2. Aux termes de l'article L. 203 du livre des procédures fiscales : " Lorsqu'un contribuable demande la décharge ou la réduction d'une imposition quelconque, l'administration peut, à tout moment de la procédure et malgré l'expiration des délais de prescription, effectuer ou demander la compensation dans la limite de l'imposition contestée, entre les dégrèvements reconnus justifiés et les insuffisances ou omissions de toute nature constatées dans l'assiette ou le calcul de l'imposition au cours de l'instruction de la demande ". Il résulte de ces dispositions que l'administration est fondée à invoquer des insuffisances ou omissions de toute nature pendant l'instruction de la demande, laquelle doit s'entendre comme prenant effet au plus tôt à compter de l'examen de la réclamation du contribuable par l'administration et se poursuivant pendant toute la durée du contentieux devant le juge administratif statuant au fond sur le litige.

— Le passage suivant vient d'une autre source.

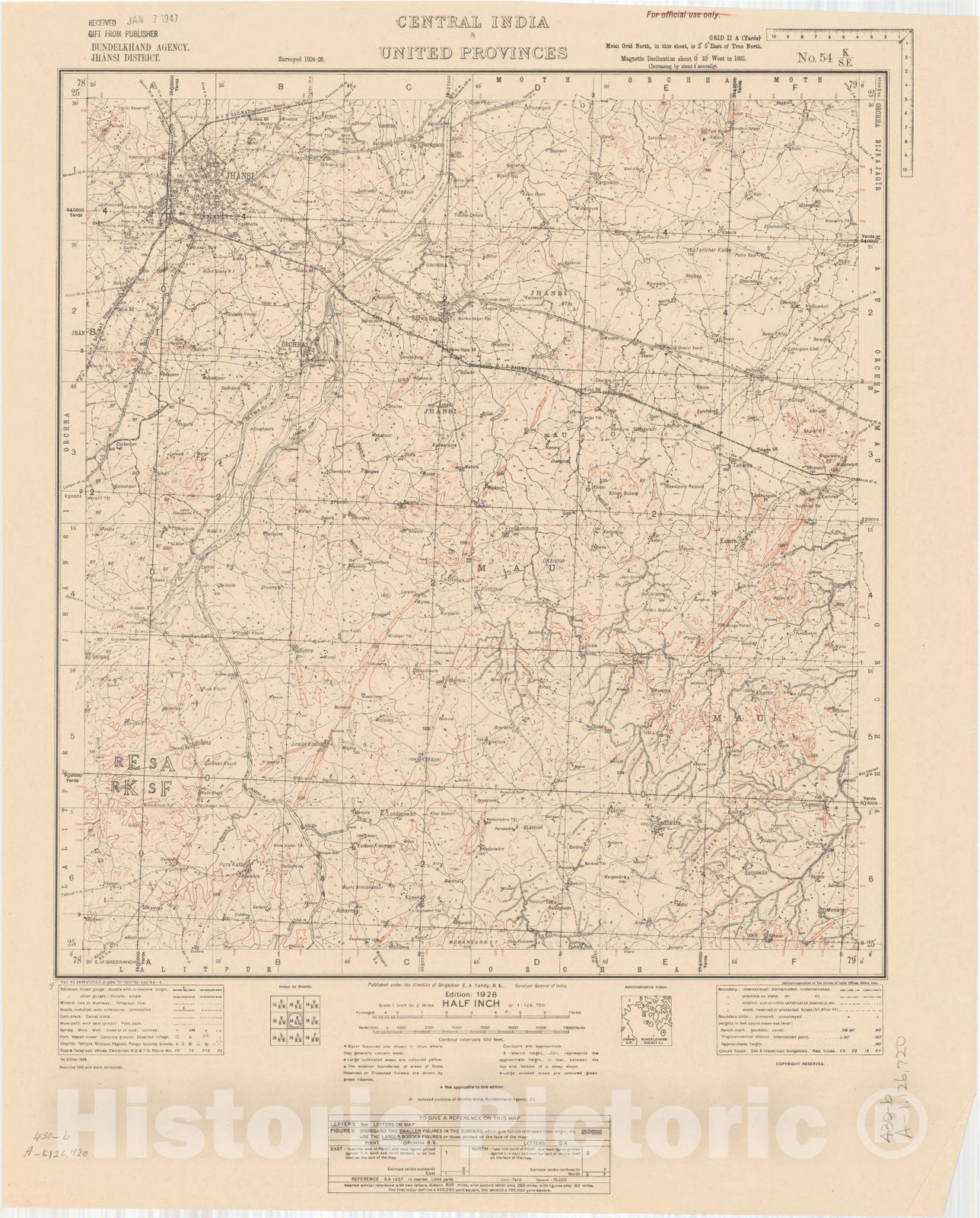 Map : Bundelkhand Agency, Jhansi District, Central India & United Provinces, No. 54 K/S.E. 1943, India and adjacent countries, Antique Vintage Reproduction
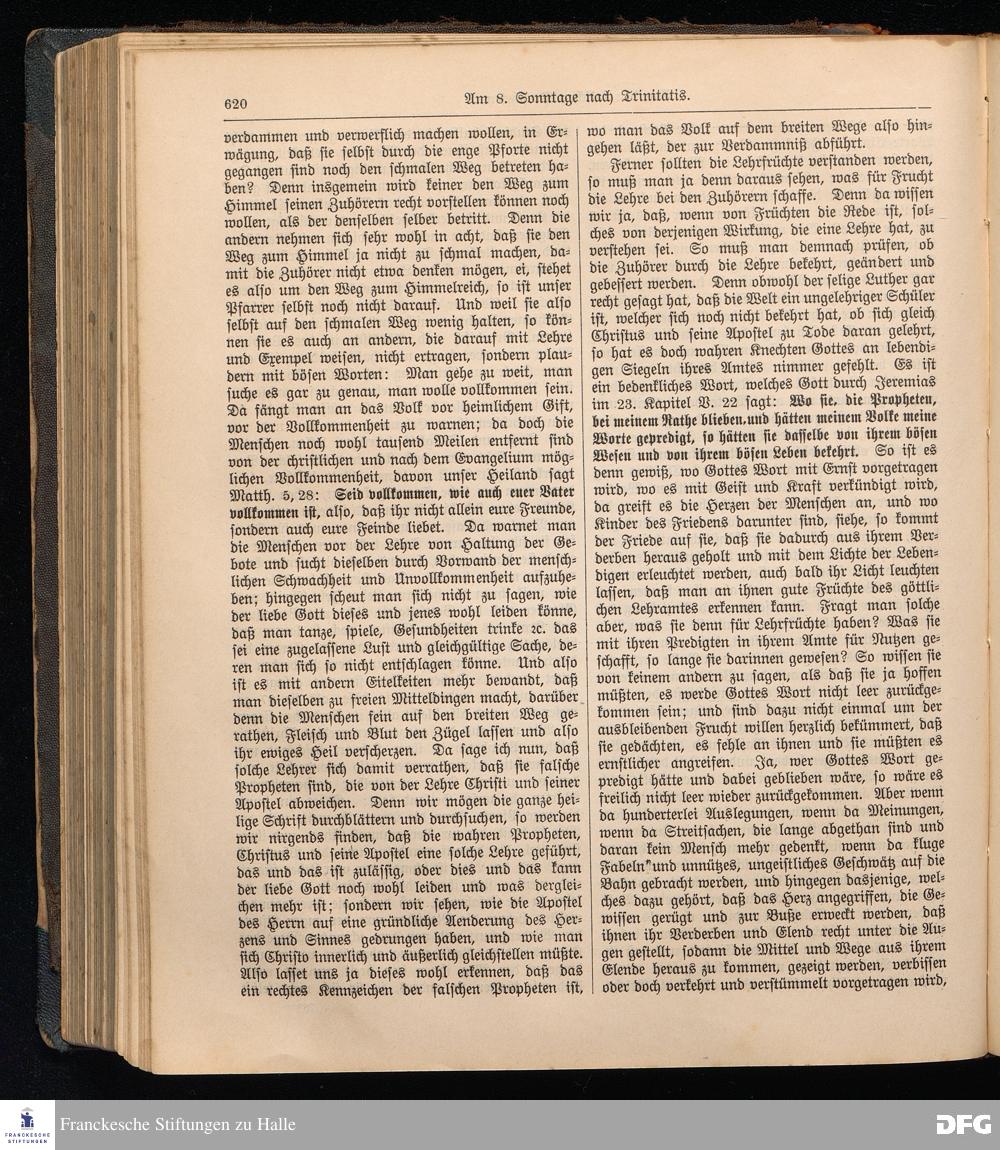 August Hermann Francke's weil.d.Theol.Prof.u.Pastor in Halle a.S., Sonn-, Fest- u. Aposteltags-Predigten, darinnen die zum wahren Christenthum gehörigen und vornehmsten Lehren behandelt sind. Aufs neue herausgegeben, verlegt und nur allein zu beziehen vom Ostpr.evang.Gebets=Verein in Berlin, Anklamstraße 31. Tilsit 1902. Gedruckt bei M. Jagomast.

3. En premier lieu, il résulte de ce qui précède qu'il est loisible à l'administration de mettre à la charge du contribuable des sommes complémentaires dans la décision par laquelle elle admet partiellement sa réclamation en procédant, comme en l'espèce, à la compensation entre les dégrèvements accordés à la société concernant l'amende pour factures fictives et la majoration de 80% pour manœuvres frauduleuses.

4. En second lieu, contrairement à ce que soutient la SARL Axcess Sécurité, il ressort de l'avis de mise en recouvrement du 30 novembre 2020, qui est suffisamment motivé et fait référence à la proposition de rectification du 20 janvier 2020, conformément aux prescriptions de l'article R. 256-1 du livre des procédures fiscales, que la majoration de 80% pour manœuvres frauduleuses n'a pas déjà été mise à sa charge.

5. Ainsi, par les moyens qu'elle invoque, la SARL Axcess Sécurité n'est pas fondée à obtenir la décharge de la majoration de 80% pour manœuvres frauduleuses, prévue au c de l'article 1729 du même code, appliquée par voie de compensation aux rappels de taxe sur la valeur ajoutée au titre de la période du 1er octobre 2017 au 30 septembre 2018 et à la cotisation supplémentaire d'impôt sur les sociétés au titre de l'exercice clos le 30 septembre 2018, à hauteur respectivement de 2 509 euros et de 3 729 euros. Par voie de conséquence, elle ne peut prétendre au bénéfice des dispositions de l'article L. 761-1 du code de justice administrative.

D E C I D E :

Article 1 : La requête de la SARL Axcess Sécurité est rejetée.

Article 2 : Le présent jugement sera notifié à la SARL Axcess Sécurité et à l'administratrice générale des finances publiques chargée de la direction spécialisée de contrôle fiscal Est.

Délibéré après l'audience du 5 septembre 2022, à laquelle siégeaient :

M. Julien Iggert, président,

M. Christophe Michel, premier conseiller,

M. Mohammed Bouzar, premier conseiller.

Rendu public par mise à disposition au greffe le 19 septembre 2022.

Le rapporteur,

M. BOUZAR

Le président,

J. IGGERT

Le greffier,

S. PILLET

La République mande et ordonne au ministre de l'économie, des finances et de la souveraineté industrielle et numérique en ce qui le concerne ou à tous commissaires de justice à ce requis en ce qui concerne les voies de droit commun contre les parties privées, de pourvoir à l'exécution de la présente décision.